* TASK OBJECTIVE
Output a character-exact copy of the data, images removed.

* DATA EXTRACT
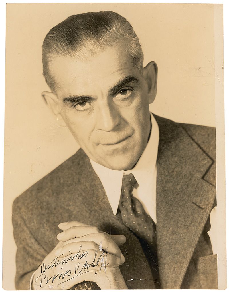 Vintage pearl-finish 7 x 9 Vandamm photo of Karloff in Arsenic and Old Lace, signed in black fountain pen, “Best wishes, Boris Karloff.” In good condition, with scattered creases and impressions, a tear to the bottom edge that passes through the end of the signature, silvering to dark areas of the photo, and three trimmed edges.
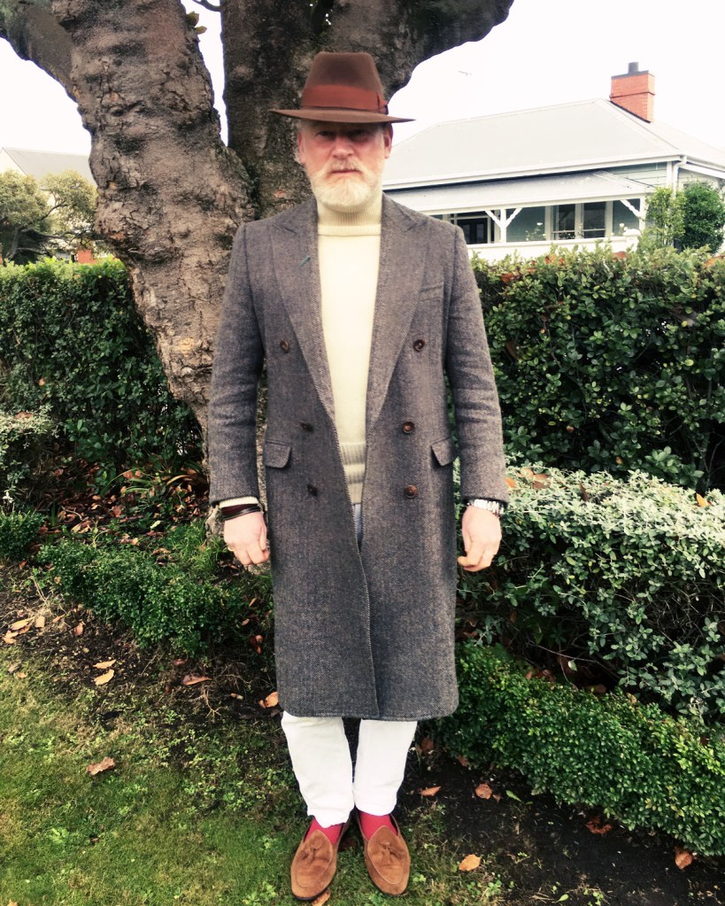 Well, back to olive green and more broadly green. I have heard that there is such a thing as the ‘green disease’ where people become obsessed with the colour green. I’m really not sure if this is true, however I can see the attraction of a colour that really works well with most outfits. As I sit writing this, I’ve started to think just how much green I also own. There’s an olive double breasted suit in linen, green Ralph Lauren wax jacket, green Hunter wellies, green cashmere Ralph Lauren shawl jumper, green Harris Tweed suit… gosh…maybe I should rename the blog Green. Enough of the green, however it really is a versatile colour and should be explored if you have never thought of it.
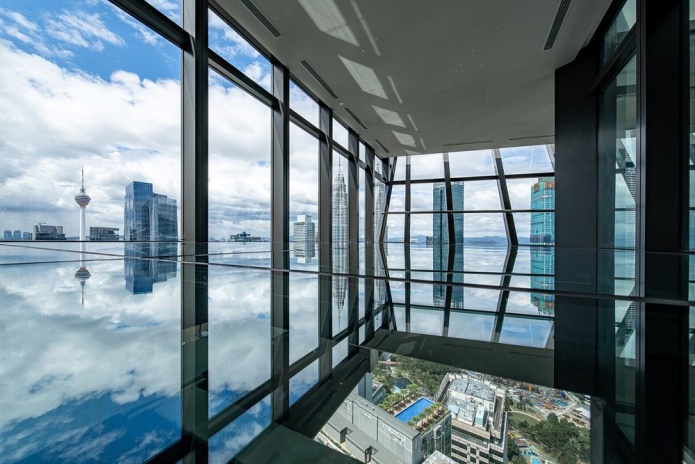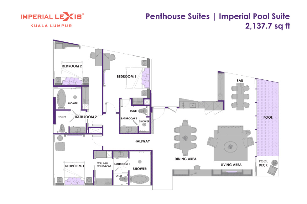 Императорский сьют на 50 этаже: 3 спальни с двуспальной кроватью в каждой, 2 ванные комнаты с ванной и душевой кабиной, 1 ванная комната с душевой кабиной, гардеробная, отдельная гостиная открытой планировки с кухней и столовой (обеденный стол на 6 персон), балкон с просторным частным бассейном (без подогрева), панорамный вид на город; привилегии для проживающих*, план номера;

* FINISHED TASK
 Vintage pearl-finish 7 x 9 Vandamm photo of Karloff in Arsenic and Old Lace, signed in black fountain pen, “Best wishes, Boris Karloff.” In good condition, with scattered creases and impressions, a tear to the bottom edge that passes through the end of the signature, silvering to dark areas of the photo, and three trimmed edges.
 Well, back to olive green and more broadly green. I have heard that there is such a thing as the ‘green disease’ where people become obsessed with the colour green. I’m really not sure if this is true, however I can see the attraction of a colour that really works well with most outfits. As I sit writing this, I’ve started to think just how much green I also own. There’s an olive double breasted suit in linen, green Ralph Lauren wax jacket, green Hunter wellies, green cashmere Ralph Lauren shawl jumper, green Harris Tweed suit… gosh…maybe I should rename the blog Green. Enough of the green, however it really is a versatile colour and should be explored if you have never thought of it.
 Императорский сьют на 50 этаже: 3 спальни с двуспальной кроватью в каждой, 2 ванные комнаты с ванной и душевой кабиной, 1 ванная комната с душевой кабиной, гардеробная, отдельная гостиная открытой планировки с кухней и столовой (обеденный стол на 6 персон), балкон с просторным частным бассейном (без подогрева), панорамный вид на город; привилегии для проживающих*, план номера;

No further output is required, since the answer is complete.